“He saw her every day that summer. Sitting on the red-oxide verandah, leaning against a carved wooden pillar, headphones and silver hoops in her ear, the phone warm in her hennaed palms. Smiling. Humming. Talking. Every word simultaneously etched on the air with her long fingers.”
The doctor pushed up his spectacles and paced the stage as he continued the story. Eyes followed him, back and forth.
“He brought the herd home at dusk. There was no golden dust haze, the air over the pukka municipal road was devoid of drama. Godhuli was for the mud tracks of Gokul. She never looked at him. There were no visions of Radha, waiting, agonizingly, for Krishna’s return. No echoes of a flute to bring the stars to her feet. No magical full moon nights by the Yamuna in a backwater town where the wells run dry in April.”
Again he paused, for effect.
“When the holidays were over, she left. Later, taped to the black iron gate, he saw a peacock feather flutter in the twilight.”
Someone in the audience moved a tea cup into the hush.
“The kind of story that deserves a perfect ending, no?” He was playing the crowd. “How would you want it to end? You want me tell you I was that boy and,” he pointed to his wife in the front row, “she was that girl and this is how love is meant to be?”
“But everything is random. All these collisions and misses of minds and bodies – no one is moving eight billion lives on a board, choreographing meaning into arbitrary existence.”
“I could tell you the boy was brought to me one night and I tried to save his life. That he told me his story of unconsummated love before he died. That he never got to say goodbye. And you would want to believe that too. What else do we have left to believe in?”
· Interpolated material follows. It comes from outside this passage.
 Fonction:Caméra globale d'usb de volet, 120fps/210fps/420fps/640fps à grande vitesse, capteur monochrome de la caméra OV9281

“Or maybe you’d rather dismiss it as nonsense – that I made up the story so I could sell you a book about an alternate reality. A doctor who denies both science and god can be marketable for a while. Or amusing. Or a viral meme.”
A hand went up at the back. A reporter. He could see the press ID around her neck. This one had snark in her tone and a sun in her eye. “OK, which one is it?”
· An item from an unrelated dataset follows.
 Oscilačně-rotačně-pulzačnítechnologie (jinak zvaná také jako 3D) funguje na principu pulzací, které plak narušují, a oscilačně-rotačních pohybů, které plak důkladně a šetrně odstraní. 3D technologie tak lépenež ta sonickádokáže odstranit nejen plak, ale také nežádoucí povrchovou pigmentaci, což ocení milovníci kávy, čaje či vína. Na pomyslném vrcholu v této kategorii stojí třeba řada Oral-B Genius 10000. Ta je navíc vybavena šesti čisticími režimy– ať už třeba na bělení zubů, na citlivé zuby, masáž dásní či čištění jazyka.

“Which one do you want it to be?” He figured she must have a deadline. “Perhaps you think she came back for him but he was gone by then?” He was indulgent. People reveal a lot about themselves by their choices.
“Unlikely.” She waved her hand, dismissing the suggestion.
“You’ll say that the odds were stacked in her favour?”
“I’ll say everything is random and all existence is arbitrary.”
“But you still want a meaningful ending?”
She smiled. “Meaning implies science or god, doctor.”
She removed the press badge from around her neck. “I am just a girl who left a peacock feather on an iron gate.”